Before the Internet became a global network connecting millions of devices, it was a simple research experiment connecting a handful of institutions. In the beginning, the number of unique internet addresses could be measured in the tens. As the network expanded that number quickly grew into the hundreds and thousands and it became difficult to remember and type in IP addresses for each of these hosts.
To manage the growing number of network hosts, a simple text file, called
HOSTS.txt
recorded each host and their IP address. To add your name to the
hosts file, you needed to send an e-mail describing the changes you wanted to
apply.
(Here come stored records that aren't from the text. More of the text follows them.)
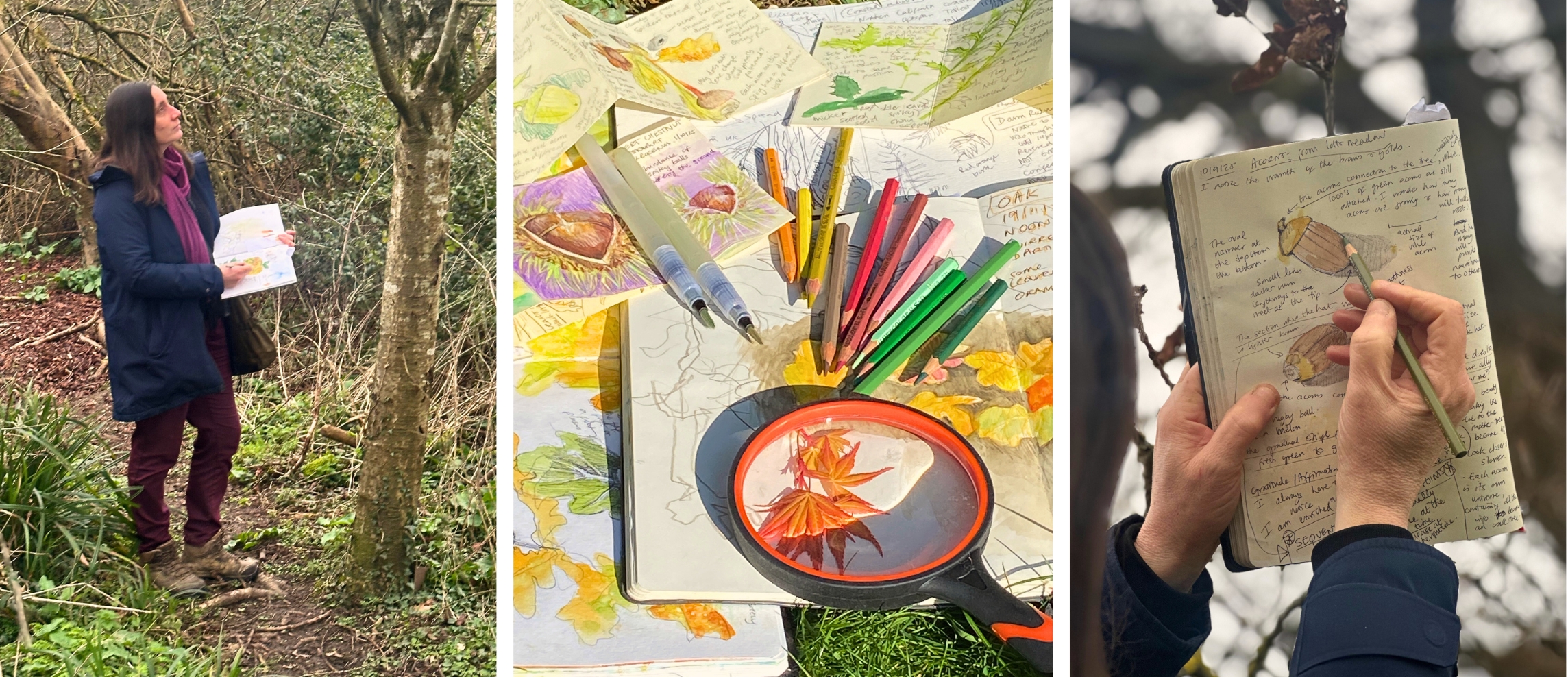 By moving between the wider presence of trees in the landscape and the smaller details found in leaves, flowers, bark, cones and seeds, nature journaling is a creative way of exploring and remembering the places we visit.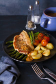 Pieczona wieprzowina z warzywami na czarnym talerzu. obraz poziomy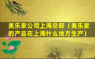 美乐家公司上海总部(美乐家的产品在上海什么地方生产)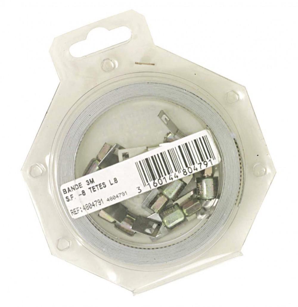 Livré avec 6 têtes. Bande ajourée pour un meilleur serrageUsage du produit: A serrerType de produit: Bande ajouréeMatière principale: AcierGarantie (en années): 3Produit emballé : poids (en kg): 0.03Produit emballé : largeur (en cm): 11Produit emballé : hauteur (en cm): 13Produit emballé : profondeu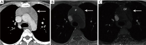 Dual-energy computed tomography (DECT) has also been evaluated to define a role in the differentiation of prevascular masses. Malignant tumors reveal higher iodine concentrations (IC) as compared to benign tumors (58). In a study of 37 patients, Chang et al. found that iodine related Hounsfield units (IHU) and IC could be helpful to differentiate low-risk thymomas, high-risk thymomas, and thymic carcinomas. Lower values were noted in higher grade tumors, presumably due to the presence of necrosis. They concluded that DECT, using iodine concentration measurement derived quantitative analysis, could aid in the ability to differentiate between low-risk thymoma, high-risk thymoma, and thymic carcinoma (59).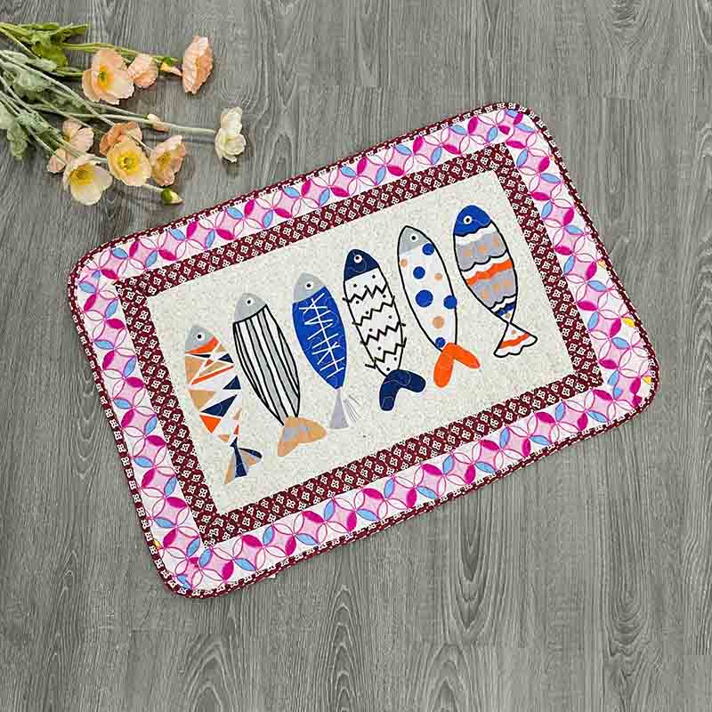 Thảm chùi chân - Cá 6 con viền hoa hồng - TCC11507

The authority for the HOSTS.txt
file would apply these changes once or
twice a week and anyone who wanted to grab the updated list would periodically
FTP to the canonical source, grab the latest file, and update their own list of
hosts. Naturally, as this small network expanded into, and was eventually
replaced by, the Internet, this solution became untenable – there were just too
many hosts to keep track of, keep consistent, and to serve from a single
canonical file using FTP and manual updates. HOSTS.txt
did not scale.
The Domain Name System (DNS) was developed to scale the HOSTS.txt
model to the
global Internet. The goals for the system were to allow for local administration
of portions of the data set while also making changes and updates to local data
available to the global Internet. The result is a globally distributed
hierarchical database that maps domain names to Internet hosts throughout the
world.
The Domain Namespace
The DNS distributed database is an inverted tree indexed by domain names. Taken together, the entire tree is called the domain namespace and represents the entire set of Internet domain names. Like a file system, the tree begins at a root node, inner nodes in the tree help organize hosts into domains, and leaf nodes provide information on a single host. Each node in the tree has a text label describing its portion of a fully qualified domain name. The full domain name for any node is the sequence of labels on the path from that node up to the root of the tree, with a dot separating the text labels along the path. The only restriction to node labels is that siblings in the tree have unique names to guarantee that a domain name uniquely identifies a single node in the tree.
An example will help illustrate the concept.
Remember that domain names are just indexes into the DNS database. For leaf
nodes, the data at the node represents an individual host on the network with
information like the network addresses, mail-routing information, or hardware
information. Nodes inside the tree can represent both a domain and a particular
host. In our example above, the sookocheff.com
node represents both the sookocheff
domain and it represents the hosts that serve the sookocheff.com
site you are
currently looking at.
Resource Records and Zone Files
The data indexed by a domain name is called a resource record. There are several types of records for different types of data. For example, there are unique resource records for mail routing and for or host address information. Each record type specifies is own syntax and semantic rules to follow.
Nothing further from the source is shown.